**** Records supplied

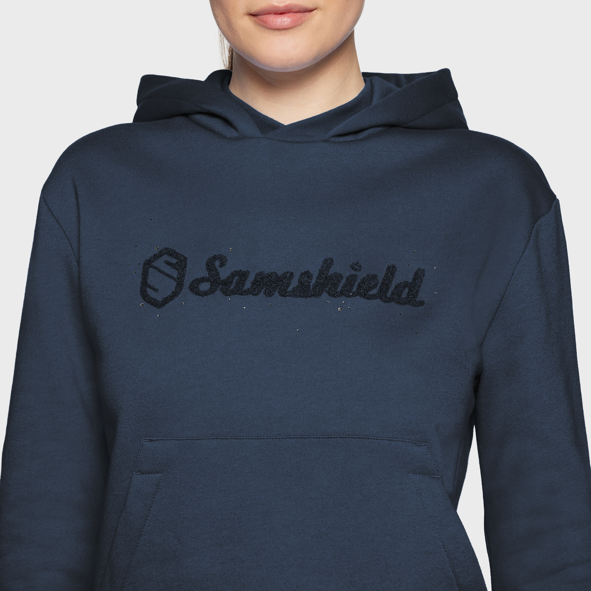 Текстурований логотип Samshield, вишитий голкою, з декором Swarovski® Crystal Décor спереду
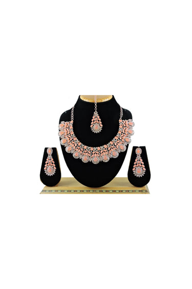 Fashionable Peach Color Alloy Material Necklace with Earrings and Mang Tikka
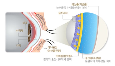 - 각막과 결막을 촉촉하고 부드럽게 해 주어 눈꺼풀과의 마찰을 줄여줌
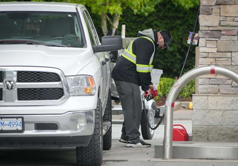 ▲5月20日,一名男子在加拿大温哥华一处加油站为汽车加油。新华社发(梁森摄)
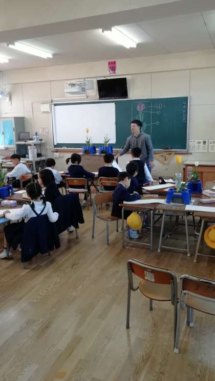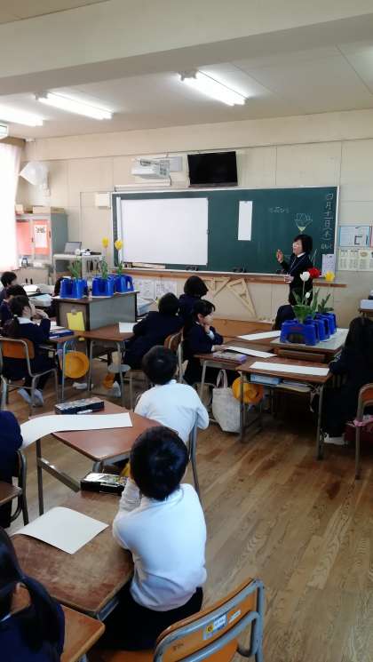 1年生のときから育ててきたチューリップの絵を描きました。花びらの色や形、葉の様子の違いを確かめていました。
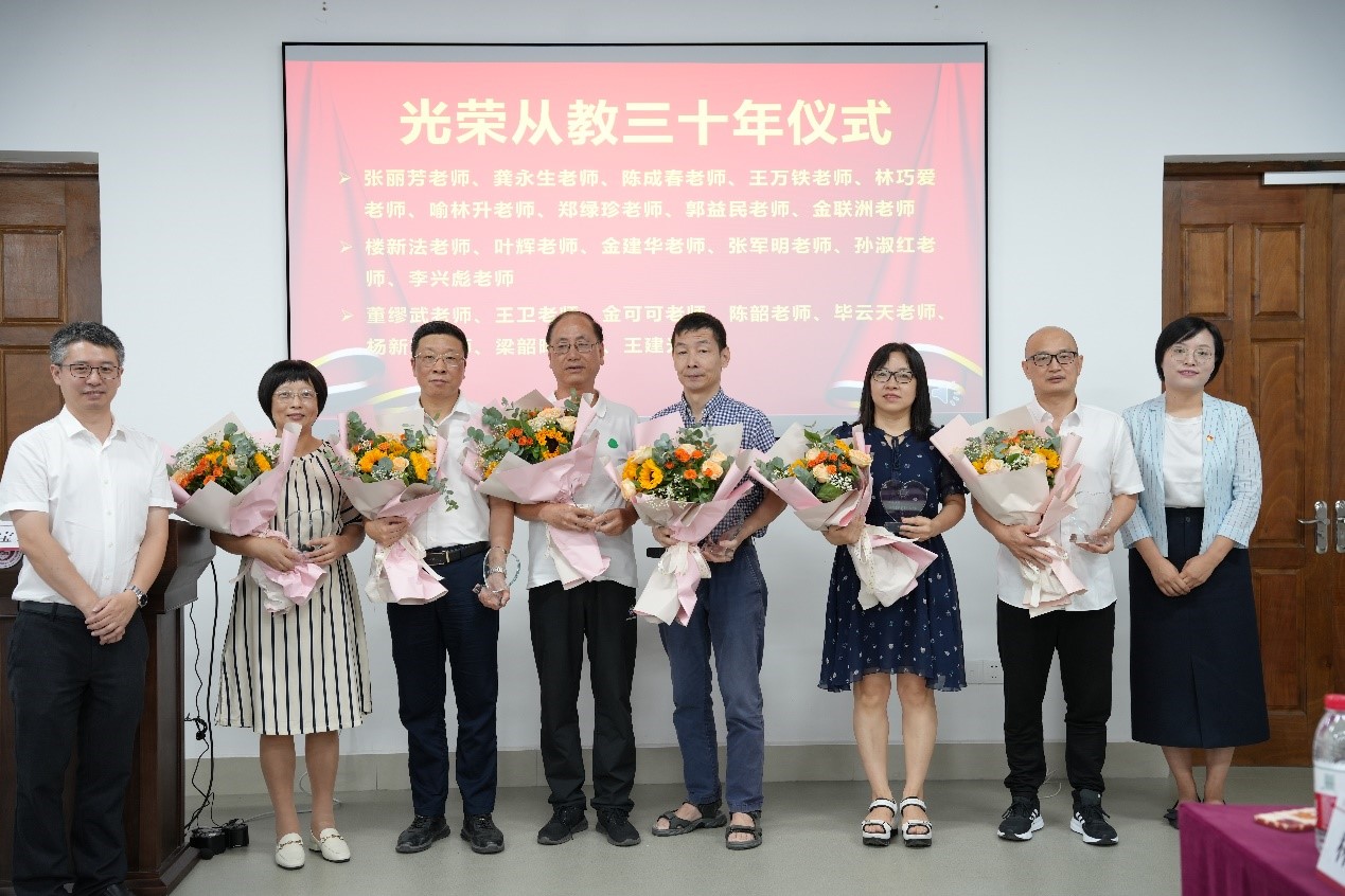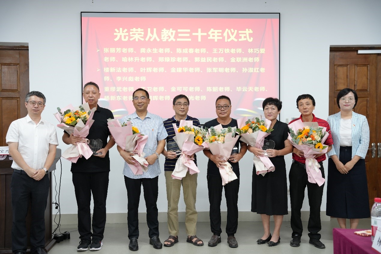 会上举行光荣从教三十年仪式,致敬三十年如一日默默坚守在教育教学岗位奉献青春岁月和智慧财富的基础人。回首三十多年的岁月,老教师们深情分享了自身的成长阅历、工作经验和人生感悟,大家深受感动。
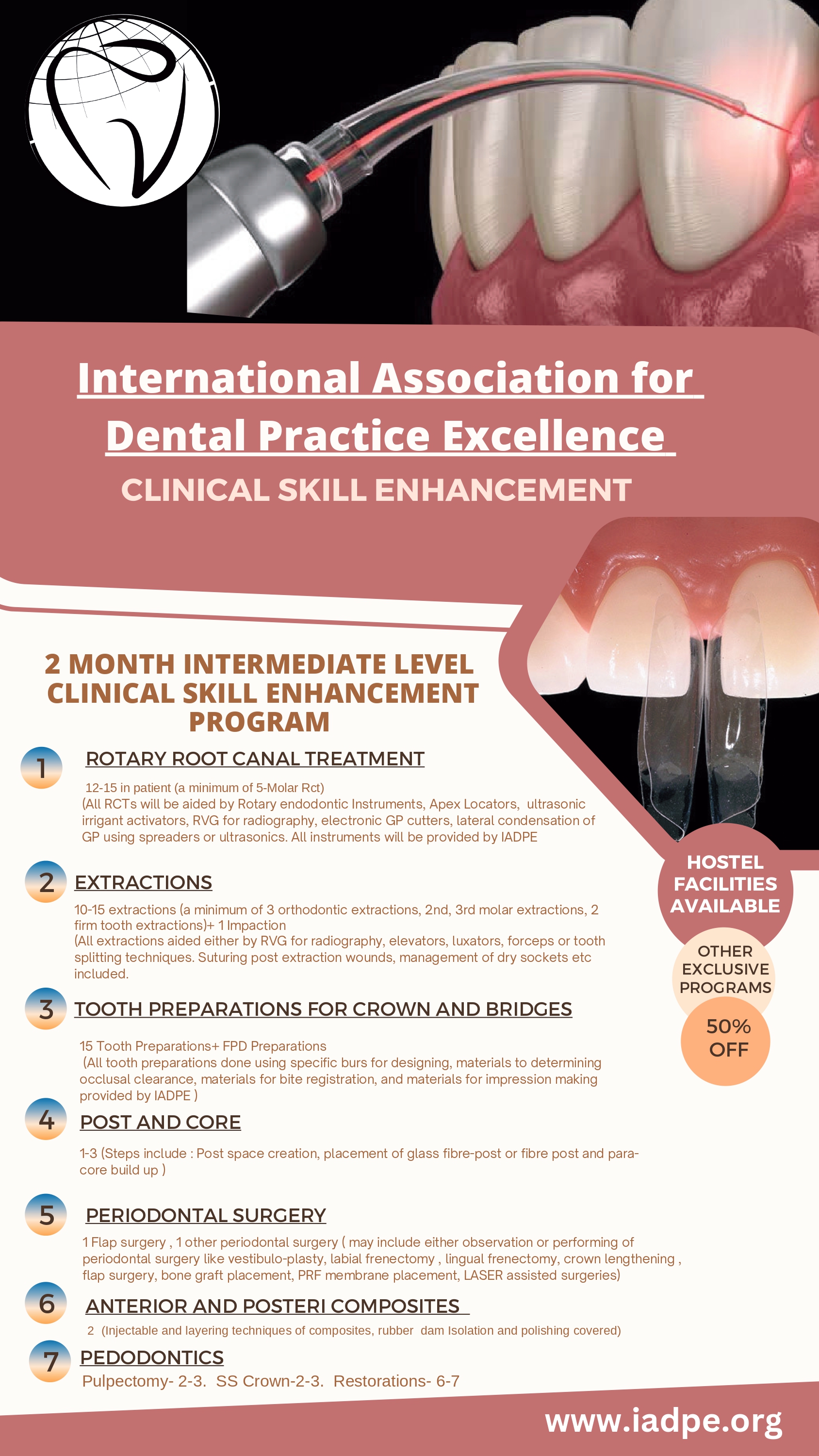 Course Agenda ROTARY ROOT CANAL TREATMENT EXTRACTIONS TOOTH PREPARATIONS FOR CROWN AND BRIDGES 12-15 in patient (a minimum of 5-Molar Rct) (All RCTs will be aided by Rotary endodontic Instruments, Apex Locators, ultrasonic irrigant activators, RVG for radiography, electronic GP cutters, lateral condensation of GP using spreaders or ultrasonics. All instruments will be provided by IADPE. EXTRACTIONS 10-15 extractions (a minimum of 3 orthodontic extractions, 2nd, 3rd molar extractions, 2 firm tooth extractions)+ 1 Impaction (All extractions aided either by RVG for radiography, elevators, luxators, forceps or tooth splitting techniques. Suturing post extraction wounds, management of dry sockets etc included. TOOTH PREPARATIONS FOR CROWN AND BRIDGES 15 Tooth Preparations+ FPD Preparations (All tooth preparations done using specific burs for designing, materials to determining occlusal clearance, materials for bite registration, and materials for impression making provided by IADPE). POST AND CORE 1-3 (Steps include : Post space creation, placement of glass fibre-post or fibre post and para core build up). PERIODONTAL SURGERY 1 Flap surgery , 1 other periodontal surgery ( may include either observation or performing of periodontal surgery like vestibulo-plasty, labial frenectomy , lingual frenectomy, crown lengthening , flap surgery, bone graft placement, PRF membrane placement, LASER assisted surgeries) ANTERIOR AND POSTERI COMPOSITES 2 (Injectable and layering techniques of composites, rubber dam Isolation and polishing covered) PEDODONTICS Pulpectomy- 2-3. SS Crown-2-3. Restorations- 6-7
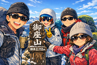 やったね!雪山の御座山を4人で登れたね!おめでとう、そしてありがとう
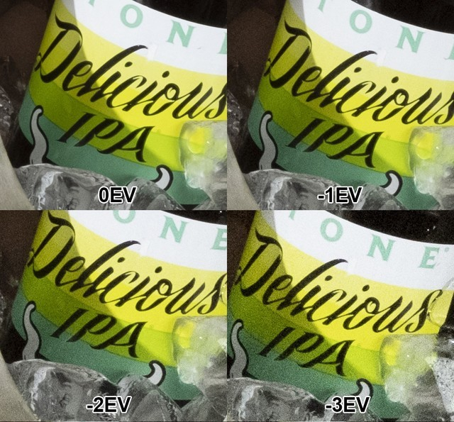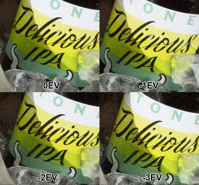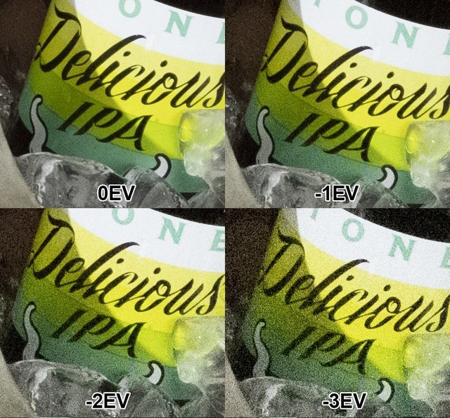 ISO 6400已经是非常极限的宽容度测试了,富士X-H2S的宽容度表现也不错。在这个级别的测试中,我们看到直到-3EV曝光的修复,画面始终没有出现偏色,仅仅是噪点的增加。
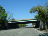 Merrick Road becomes a divided road with a grass median. There is an interchange with the Meadowbrook Parkway.
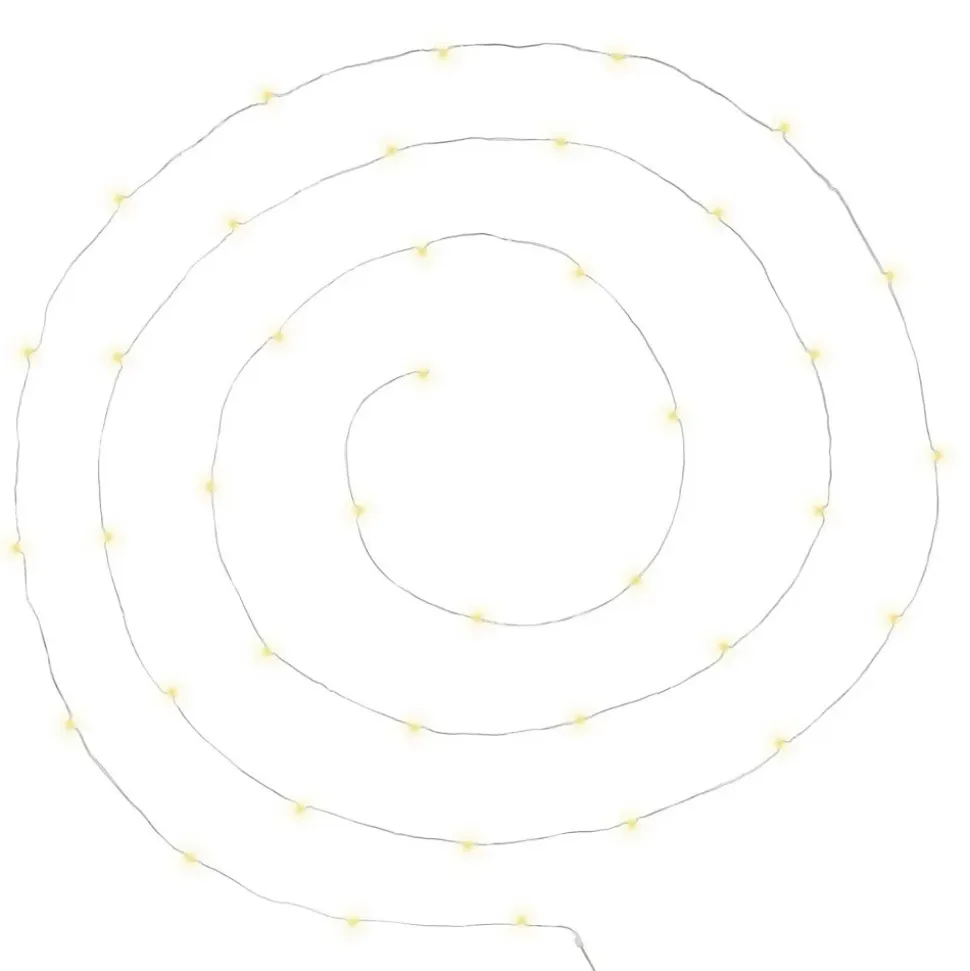 Laissez-vous tenter par cette guirlande 40 MicroLED Chrome Blanc chaud L370 d’Atmosphera.Cette guirlande lumineuse se compose d’un fil en cuivre de L. 370 cm et de 40 microLED en PVC.Vous pourrez profiter de son fil argenté, avec sa lumière LED blanc chaud une fois la guirlande microLED disposée dans sous la cloche en verre sur socle en bois H29,5 par exemple.Elle se décline en version plus courte avec la guirlande 20 MicroLED Chrome Blanc chaud L190.

********

> Goal of the exercise
Repeat the data exactly as written, but without the pictures.

> Answer section
 Текстурований логотип Samshield, вишитий голкою, з декором Swarovski® Crystal Décor спереду
 Fashionable Peach Color Alloy Material Necklace with Earrings and Mang Tikka
 - 각막과 결막을 촉촉하고 부드럽게 해 주어 눈꺼풀과의 마찰을 줄여줌
 ▲5月20日,一名男子在加拿大温哥华一处加油站为汽车加油。新华社发(梁森摄)
 1年生のときから育ててきたチューリップの絵を描きました。花びらの色や形、葉の様子の違いを確かめていました。
 会上举行光荣从教三十年仪式,致敬三十年如一日默默坚守在教育教学岗位奉献青春岁月和智慧财富的基础人。回首三十多年的岁月,老教师们深情分享了自身的成长阅历、工作经验和人生感悟,大家深受感动。
 Course Agenda ROTARY ROOT CANAL TREATMENT EXTRACTIONS TOOTH PREPARATIONS FOR CROWN AND BRIDGES 12-15 in patient (a minimum of 5-Molar Rct) (All RCTs will be aided by Rotary endodontic Instruments, Apex Locators, ultrasonic irrigant activators, RVG for radiography, electronic GP cutters, lateral condensation of GP using spreaders or ultrasonics. All instruments will be provided by IADPE. EXTRACTIONS 10-15 extractions (a minimum of 3 orthodontic extractions, 2nd, 3rd molar extractions, 2 firm tooth extractions)+ 1 Impaction (All extractions aided either by RVG for radiography, elevators, luxators, forceps or tooth splitting techniques. Suturing post extraction wounds, management of dry sockets etc included. TOOTH PREPARATIONS FOR CROWN AND BRIDGES 15 Tooth Preparations+ FPD Preparations (All tooth preparations done using specific burs for designing, materials to determining occlusal clearance, materials for bite registration, and materials for impression making provided by IADPE). POST AND CORE 1-3 (Steps include : Post space creation, placement of glass fibre-post or fibre post and para core build up). PERIODONTAL SURGERY 1 Flap surgery , 1 other periodontal surgery ( may include either observation or performing of periodontal surgery like vestibulo-plasty, labial frenectomy , lingual frenectomy, crown lengthening , flap surgery, bone graft placement, PRF membrane placement, LASER assisted surgeries) ANTERIOR AND POSTERI COMPOSITES 2 (Injectable and layering techniques of composites, rubber dam Isolation and polishing covered) PEDODONTICS Pulpectomy- 2-3. SS Crown-2-3. Restorations- 6-7
 やったね!雪山の御座山を4人で登れたね!おめでとう、そしてありがとう
 ISO 6400已经是非常极限的宽容度测试了,富士X-H2S的宽容度表现也不错。在这个级别的测试中,我们看到直到-3EV曝光的修复,画面始终没有出现偏色,仅仅是噪点的增加。
 Merrick Road becomes a divided road with a grass median. There is an interchange with the Meadowbrook Parkway.
 Laissez-vous tenter par cette guirlande 40 MicroLED Chrome Blanc chaud L370 d’Atmosphera.Cette guirlande lumineuse se compose d’un fil en cuivre de L. 370 cm et de 40 microLED en PVC.Vous pourrez profiter de son fil argenté, avec sa lumière LED blanc chaud une fois la guirlande microLED disposée dans sous la cloche en verre sur socle en bois H29,5 par exemple.Elle se décline en version plus courte avec la guirlande 20 MicroLED Chrome Blanc chaud L190.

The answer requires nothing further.